Та, недолго поупиравшись, позвала Махонько, минуты две что-то втолковывала капитану и начала переодеваться.
На факт приставления личного телохранителя сержант не обратил ни малейшего внимания. Борис собирался, не отставая ни от упаковывающейся роты разведчиков, ни от тех самых "ребенков", во многом беря с них пример. А "дети гор", как их уже прозвали бойцы, в основном избавлялись от всевозможных вещей. В кузов выделенной под склад шишиги летели ботинки, штормовки, шапки… Поверх одежды аккуратно укладывались арбалеты в чехлах. На самих "ребенках" оставались только легкие ветрозащитные штаны поверх термобелья, да оригинальные самодельные разгрузки, быстро заполнявшиеся боеприпасами. И небольшие рюкзачки, словно срастающиеся со спиной. На собак грузили какие-то странные конструкции, напоминавшие гибрид хурджина и рюкзака.
Отказ горцев от обуви вызвал у Юринова некоторое удивление. Но, посмотрев на напоминающую подметку кожу на ступне Коли Стрижкова, разуваться предусмотрительно не стал, только сменил уже ставшие привычными берцы на удобные и легкие кроссовки, зато камуфляж полетел в "Тигра", вместе со штормовкой, прихваченной в Самаре. В итоге переодетый Борис отличался от горцев разве что наличием обуви.
Взятый "ребенками" темп сначала не показался сержанту быстрым, на тренировках в бригаде приходилось гонять и посерьезнее. Он легко удерживался в цепочке, и даже несколько раз выходил вперед, задавая ритм движения. Однако вскоре почувствовал, что всё не так просто. Новосибирские овраги - это одно, а большие горы - совсем другое. Постоянный бег вверх выматывал. Скорость строя держалась постоянной, сбрасывать ее "ребенки" не собирались. Армейские начали отставать. Боря пока держался, но чувствовал, что обещанные тридцать километров не выдержит. На очередном привале, пока хозяева кормили собак, Стрижков подошел к Петрову, командующему сборной ротой:
- Слышь, командир! Не гоните за нами. Сорвете дыхалку - совсем идти не сможете. Лучше опоздаете на час - другой.

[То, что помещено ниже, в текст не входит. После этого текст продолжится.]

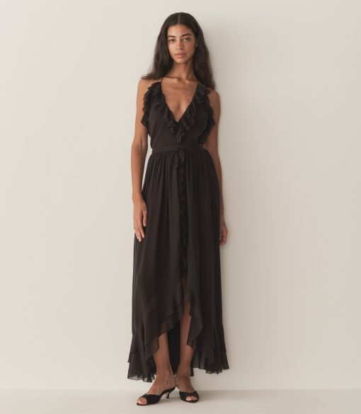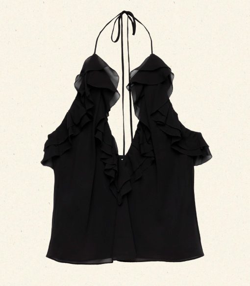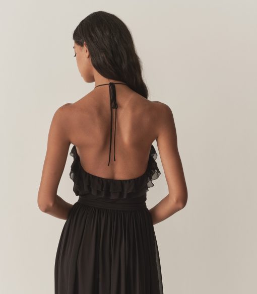 Taking cues from the disco halter tops of the 1970s, the Emmelie Top is crafted from a floaty silk georgette lined with soft viscose, featuring a plunging V-neckline framed with cascading ruffles and a self-tie halter strap. Pair with the Elisa Skirt for a matching set.
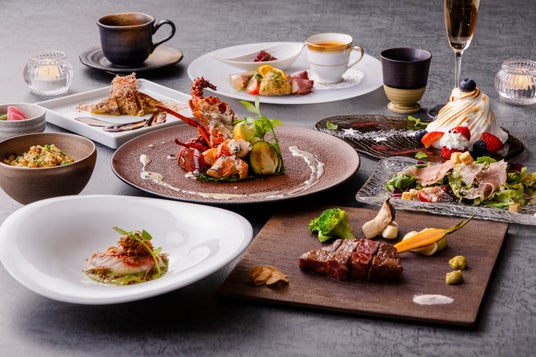 また、クリスマス期間中<12月21日(土)~12月25日(水)>は、人気の鉄板焼きメニュー4種「瑠璃 ~るり~」「萌黄 ~もえぎ~」「琥珀 ~こはく~」「蒲葡 ~えびぞめ~」の、前菜、サラダ、デザートをクリスマス仕様にしたスペシャルディナーが登場します。香り豊かな口どけの良い神戸牛や佐賀牛、伊勢海老や鮑など大切な方との記念日を彩ります。今年の冬は、「鉄板焼 ふじた」にて、記憶に残るお食事を心ゆくまでご堪能ください。
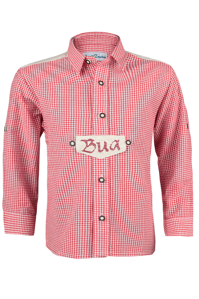Trachtiges rot-weiß kariertes Kinder-Hemd.Dieses Hemd ist die richtige Bekleidung für jeden kleinen Trachtenfan. Ins Auge sticht der kleine, mit Hirschhornknöpfen angebrachte beige Latz mit dem Print "Bua"" auf der Vorderseite des Hemdes. Der Schultersattel ist ebenfalls in beige gehalten und mit dem Print "Trachten Bua" sowie ein paar ausgedünnten roten Streifen in Printform versehen. Die Knopfleiste des Hemdes, sowie die Ärmelmanschette und die Ärmel, sind mit Knöpfen in Hirschhornoptik versehen.
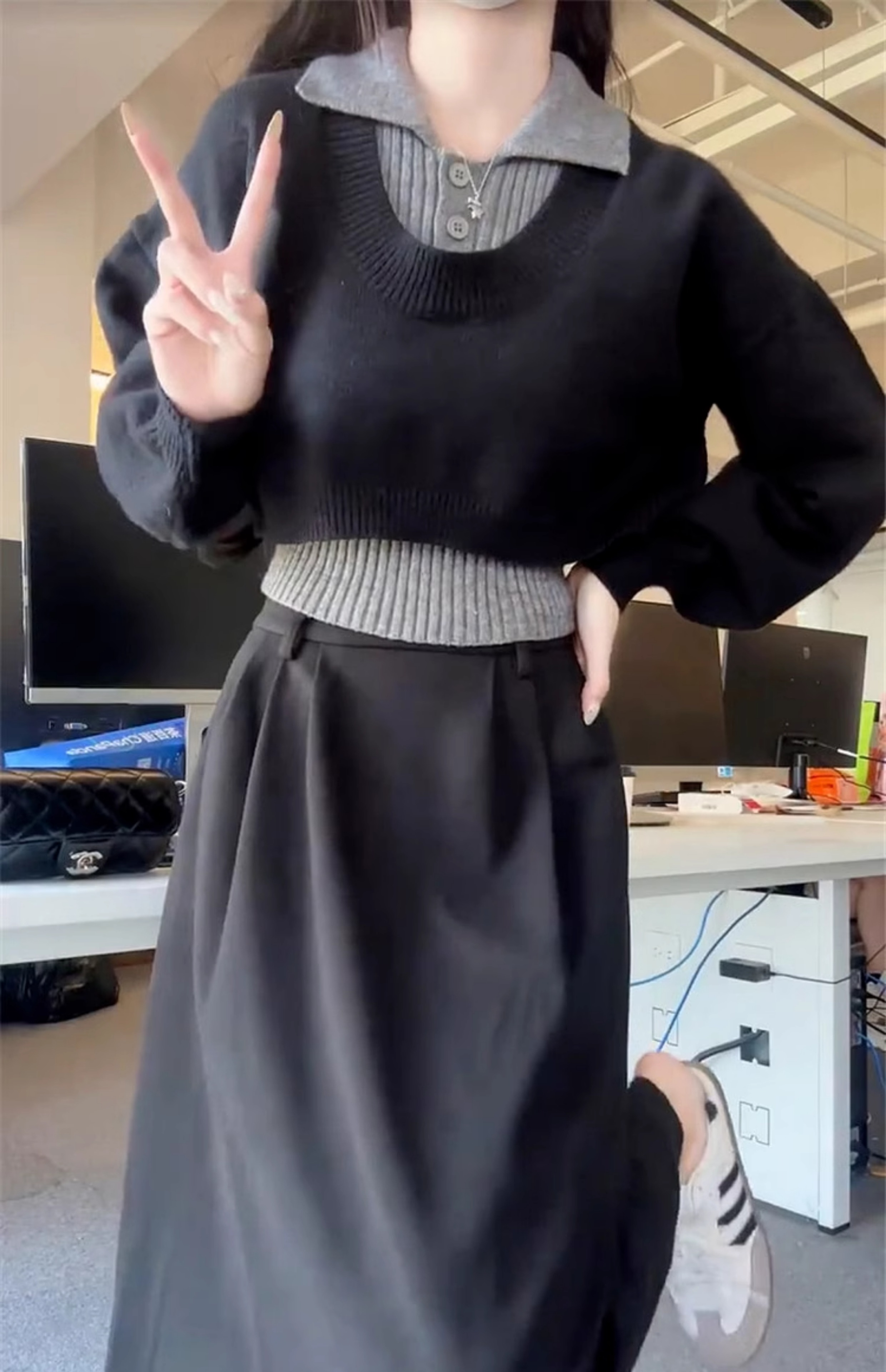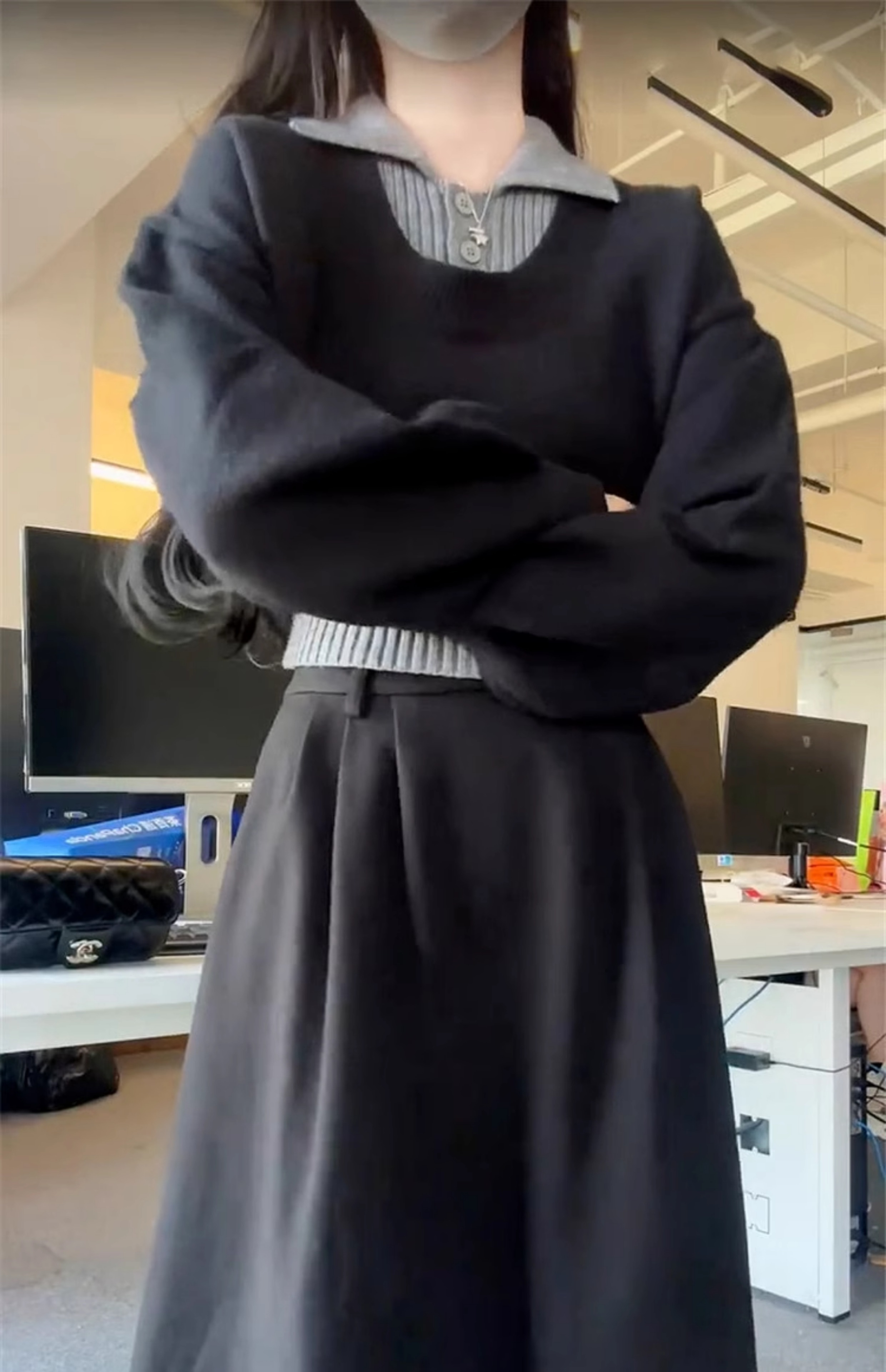 • 70/75kg/XXXL [초가을 느낌의 한국적인 분위기의 코디, 차가운 시크 스커트, 초가을 여성 2024 신작 낚시 데이트 스커트]

- Хорошо… - выдохнул капитан, пытаясь восстановить дыхание, - сильны вы… бегать…
- Живем мы здесь, - ответил "ребенок", - а вы без аклимухи.
Юринову Стрижков тоже предложил остаться, но тот лишь упрямо мотнул головой. Даже жалобный взгляд Галки не изменил его решения.
- Иди с ротой, - сказал он девушке, - не женское это дело - за мужиками по горам бегать…
Та кивнула в сторону горцев, среди которых парней было не больше двух третей:
- Это ты при них говоришь?
- Они - особая песня.
- Я тоже не просто так. И приказ у меня.
- Наверху встретимся. Приказ приказом, а выше головы не прыгнешь.
Галка держалась до темноты, потом понемногу начала отставать. Борис не сразу и заметил, что девушка пропала. Ему было хреново. Сильно болели ноги. Дыхание потеряло всякий ритм, и стало похоже на всхлипы записной истерички. Сердце перепуганной птицей колотило по ребрам. Не слишком тяжелый в начале движения рюкзак навалился на плечи неподъемной тушей.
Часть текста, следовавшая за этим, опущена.